The song depicts a young couple's escape to Atlantic City, New Jersey, but it also wrestles with the inevitability of death as the man in the relationship intends to take a job in organized crime upon arriving in the city, partially due to desperation caused by his “debts.” The opening lines of "Atlantic City" refer to the then-recent Mafia violence in nearby Philadelphia, with Springsteen singing: "Well, they blew up the chicken man in Philly last night/Now they blew up his house too." The "Chicken Man" refers to Philadelphia crime family boss Phil "the Chicken Man" Testa, who was killed by a rival gangster who planted a nail bomb in his Philadelphia rowhouse in March 1981. While Atlantic City is considered the turf of the Philadelphia crime family, there was considerable in-fighting at the time among the Italian-American Mafia for dominance of the organized crime rackets in the city following the city's proposed legalization of gambling in 1976. By the 1970s and early 80s, Atlantic City had experienced a significant decline from its heyday as a prominent resort town in the early 20th century, and the introduction of legal gambling was proposed as a potential means of reviving the economically struggling city.
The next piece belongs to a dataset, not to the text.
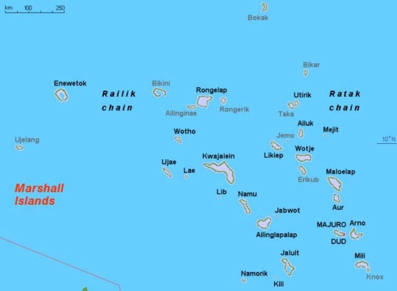 Этим местом является район так называемых Маршалловых островов, расположенных в Тихом Океане. На их территории, с 1946 по 1960 годы, американские военные проводили испытания ядерного оружия. В частности, на островах под названиями Бикини и Эниветок было проведено около 67 ядерных испытаний, которые оставили после себя радиоактивные частицы, погубившие более 800 местных жителей.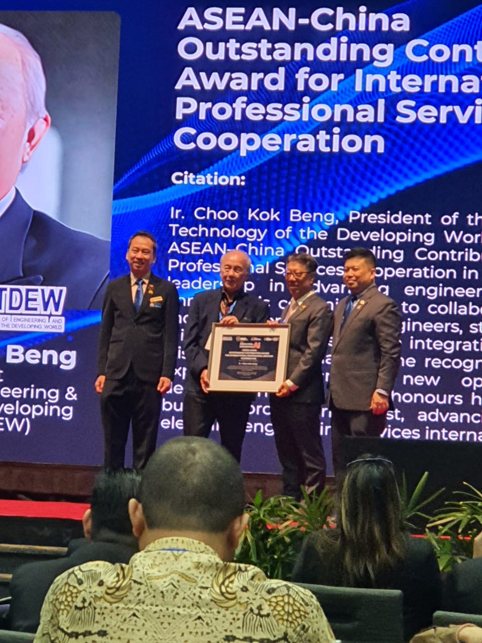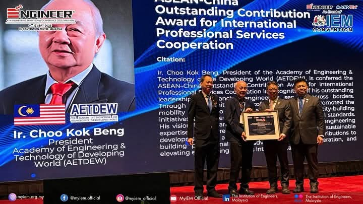 AETDEW President- Ir. Ts. Choo Kok Beng received the ASEAN – China Outstanding Contribution for International Professional Services Corporation during the ASEAN – CHINA AI Convention in conjunction with ENGINEER CONVENTION 2025 on 11 Sep 2025 held at Kuala Lumpur Convention Centre, Malaysia

The song evokes the widespread uncertainty regarding legalized gambling during its early years in Atlantic City and its promises to resurrect the city, as well as the young man's uncertainty about taking the less-than-savory job: "Everything dies, baby, that's a fact, but maybe everything that dies someday comes back."

The song is also included on his 1995 Greatest Hits album and on the 2003 compilation The Essential Bruce Springsteen. "8 Years", a 2006 episode of the television series Cold Case, was based around nine Springsteen songs, with "Atlantic City" played during its climactic murder scene. In 2012 following Hurricane Sandy, New Jersey Governor Chris Christie quoted the song's chorus during a cameo on Saturday Night Live.

The song plays over the opening of episode 3 of season 4 of Billions. A few scenes later, the character "Dollar" Bill Stern (played by Kelly AuCoin) sings the opening lines of the song.

In September 2021, Rolling Stone ranked the song No. 289 on its list of the “500 Best Songs of All Time”.

Music video
A music video, directed by Barry Ralbag, was produced for "Atlantic City", which received moderate play on MTV in the United States. Springsteen does not appear in the video, which features stark, black-and-white images of Atlantic City. The video also contained clips of the demolition of the main dome of the Marlborough-Blenheim Hotel.

Live performances 
From the Born in the U.S.A. Tour on, "Atlantic City" has made fairly regular appearances in Springsteen's band concerts, with a soft-hard-cycle arrangement very similar to that of "Darkness on the Edge of Town".
Such live versions appear on Springsteen's In Concert/MTV Plugged (1993) and Live in New York City (2001) albums. For the 2006 Bruce Springsteen with The Seeger Sessions Band Tour, "Atlantic City" was drastically rearranged and featured multiple outros; as such it appears on the Live in Dublin (2007) album.

Personnel
According to authors Philippe Margotin and Jean-Michel Guesdon:

Bruce Springsteen – vocals, guitar, harmonica, mandolin

Other versions 
The Band covered the song for their 1993 album Jericho. Rolling Stone called it a "clear highlight". After the Band split up, Levon Helm continued to perform "Atlantic City" in his solo performances.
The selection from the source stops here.